Hi, my name’s Alix (“Hi, Alix”) and I have endometriosis.
I was diagnosed about 2 years ago but I’ve been experiencing symptoms since I was a freshman in high school. This is a tale not for the faint of heart about a war between my body and me.
Endometriosis is a condition where the lining of the uterus (the endometrium, the stuff that makes you bleed during a period) decides it isn’t content with doing its job properly and starts to grow places it shouldn’t. It can be found in your bowels, ovaries, bladder or any tissue in the pelvic area. It does, however, act as an endometrium should by shedding and bleeding all at once like having a period. Endometriosis doesn’t typically manifest until a woman is in her late 20s or early 30s.
Oh, and it’s really frickin’ painful.
Endometriosis has taken away a lot from me. I have an extremely high pain tolerance (my rib tattoo felt ticklish and my nose piercing made me sneeze), but endometriosis is so painful for me that I’ve had to miss class, work, family events, social outings, and holidays because I cannot get out of bed. I had to sacrifice a summer of working and making money for surgery. I’ve tried several birth control and hormone regimens to try to tame my wild uterus. I’ve spent hundreds of dollars on medications, herbal remedies, and healers.
I’ve had to explain to guys I genuinely wanted to be with that intimacy and a physical relationship isn’t an option, which, sadly, turns them away.
I had always been very comfortable with my female sexuality. I loved my body. I loved looking in the mirror. I loved knowing that I was happy and healthy. I felt very connected with my physical sex and gender. My body was a reflection of my identity, not just a sack of skin and bones I live in. I was the definition of cisgender. Learning that one of my most integral parts of physically being a woman was failing felt like I was letting myself down.

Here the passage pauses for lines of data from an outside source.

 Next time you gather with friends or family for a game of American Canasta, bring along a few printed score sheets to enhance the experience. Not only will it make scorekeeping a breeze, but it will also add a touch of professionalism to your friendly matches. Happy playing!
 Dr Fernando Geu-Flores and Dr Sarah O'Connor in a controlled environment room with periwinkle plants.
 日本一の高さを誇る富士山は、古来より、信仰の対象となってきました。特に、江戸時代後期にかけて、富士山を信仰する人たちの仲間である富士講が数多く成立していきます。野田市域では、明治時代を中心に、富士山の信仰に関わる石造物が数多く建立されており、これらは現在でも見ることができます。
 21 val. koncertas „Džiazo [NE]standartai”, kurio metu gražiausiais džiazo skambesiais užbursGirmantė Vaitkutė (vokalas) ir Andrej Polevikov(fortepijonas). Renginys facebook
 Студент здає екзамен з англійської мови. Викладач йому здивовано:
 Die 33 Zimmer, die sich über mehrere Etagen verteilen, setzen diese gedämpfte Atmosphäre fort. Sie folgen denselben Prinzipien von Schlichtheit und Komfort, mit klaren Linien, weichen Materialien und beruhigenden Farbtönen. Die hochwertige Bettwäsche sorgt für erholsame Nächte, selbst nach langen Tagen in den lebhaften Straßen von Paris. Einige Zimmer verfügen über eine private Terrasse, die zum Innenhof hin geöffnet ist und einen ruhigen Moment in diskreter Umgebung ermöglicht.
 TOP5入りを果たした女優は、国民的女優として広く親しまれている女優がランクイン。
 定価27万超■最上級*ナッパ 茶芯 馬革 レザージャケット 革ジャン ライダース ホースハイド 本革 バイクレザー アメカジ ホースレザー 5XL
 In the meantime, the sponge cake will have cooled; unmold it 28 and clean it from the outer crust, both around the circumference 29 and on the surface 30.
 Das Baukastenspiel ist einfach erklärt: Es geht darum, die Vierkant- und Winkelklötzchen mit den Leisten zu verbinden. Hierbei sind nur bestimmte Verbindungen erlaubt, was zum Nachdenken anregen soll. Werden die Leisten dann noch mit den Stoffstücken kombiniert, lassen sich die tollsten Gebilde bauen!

My body was saying to me “Yeah it’s great that you feel connected to me and I make you feel like a woman, but that’s going to end." I was losing my femininity.
I started dressing less feminine. I still wore makeup comfortably, but I switched from tight tank tops to baggy men’s t-shirts. My leggings and yoga pants turned into athletic shorts. I stopped doing my hair and decided to cut it off. I stopped wearing dresses. I stopped talking to guys. I stopped trying to make myself feel like a woman outside because I couldn’t feel anything but further from it inside. I stopped being friends with girls. I’ve always been into sports, whiskey and beer rather than shopping, wine, and sleepovers, but I pushed myself away from the people who balanced me out.
It took me about a year to come to terms with the fact that I may never have children and will be on hormone supplements until I decide to medically induce menopause. I’ll need to be on pain medication to engage in any intimate activities, most likely. I’ll never have a regular menstrual cycle.
I can cope with all of that, but the hardest part has been my womanhood. It’s hard not to feel like a lesser woman when you feel so physically connected to the biological parts of yourself.
If my hips and butt make me feel beautiful, then why does what’s in between them make me feel so ugly?
Why can’t I do the one thing that my body is engineered to do: bring a life into the world?
Why do I wake up every morning with excruciating pain because my body is rejecting itself?
After some counseling, a great support system, a year of attending the best university (GO NOLES) and learning to find myself, I started to realize that endometriosis can’t define me.
I can still be as feminine or masculine as I want with or without a functioning uterus. I’ve had procedures come up negative with no signs of endometriosis and I’ve had physicians take pictures of the tissue because it is a medical phenomenon that at only 10, I’ve conjured up such a mess.
Regardless of what has and hasn’t been found, I’m still me. I can be beautiful inside and out no matter what. I’m still a young woman with ambition and drive. I have great taste in music, dance moves, and tequila. I’m a macaroni and cheese connoisseur and a professional political debater. I make a hell of an Irish car bomb and chug it like it’s my day job (only in countries where it is legal, of course, shout out to The Bahamas, Canada and France).
I am a woman because I want to be, not because I have an organ inside of me. I don’t give a frickle frack of what endometriosis wants to do to me because it cannot get in the way of my dreams.
Sorry, endo, you’re going to lose this one.